┏━━
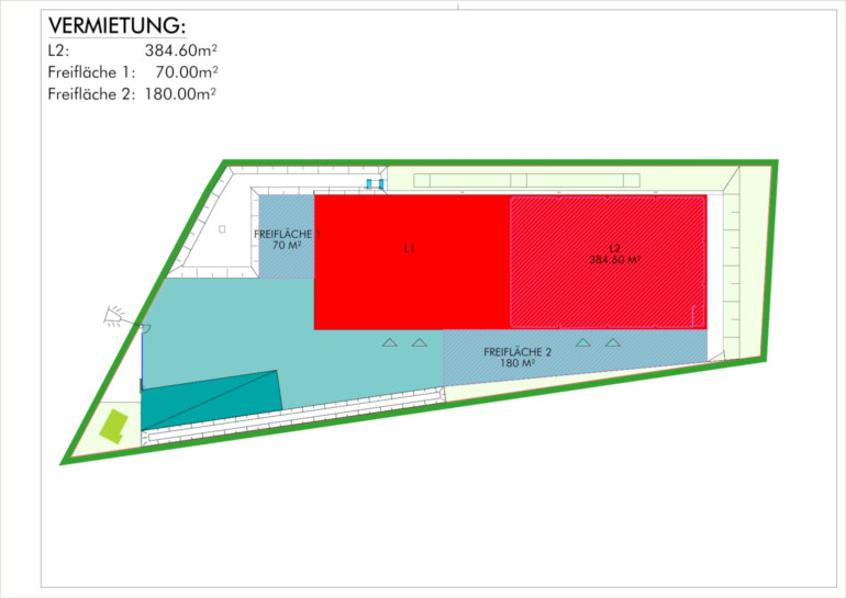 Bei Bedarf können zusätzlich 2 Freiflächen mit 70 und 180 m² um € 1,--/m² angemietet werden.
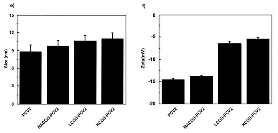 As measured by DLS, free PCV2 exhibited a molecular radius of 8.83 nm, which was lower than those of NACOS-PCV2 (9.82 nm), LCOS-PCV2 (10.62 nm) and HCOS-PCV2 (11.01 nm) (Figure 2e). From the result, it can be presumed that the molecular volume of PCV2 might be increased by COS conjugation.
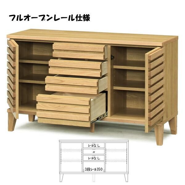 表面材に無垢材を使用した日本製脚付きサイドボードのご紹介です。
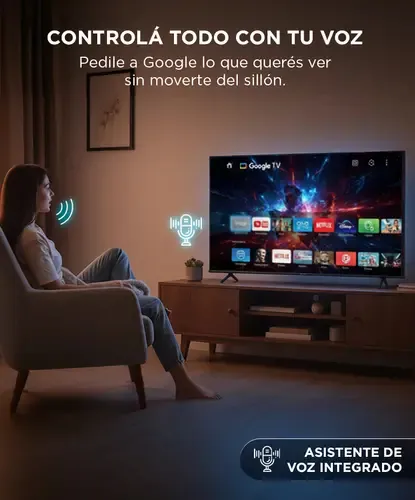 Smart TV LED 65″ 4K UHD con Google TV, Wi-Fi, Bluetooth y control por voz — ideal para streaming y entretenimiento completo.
┗━━
Problem to solve: Return the listing exactly as it appears, excluding any image.

Solution:
 Bei Bedarf können zusätzlich 2 Freiflächen mit 70 und 180 m² um € 1,--/m² angemietet werden.
 As measured by DLS, free PCV2 exhibited a molecular radius of 8.83 nm, which was lower than those of NACOS-PCV2 (9.82 nm), LCOS-PCV2 (10.62 nm) and HCOS-PCV2 (11.01 nm) (Figure 2e). From the result, it can be presumed that the molecular volume of PCV2 might be increased by COS conjugation.
 表面材に無垢材を使用した日本製脚付きサイドボードのご紹介です。
 Smart TV LED 65″ 4K UHD con Google TV, Wi-Fi, Bluetooth y control por voz — ideal para streaming y entretenimiento completo.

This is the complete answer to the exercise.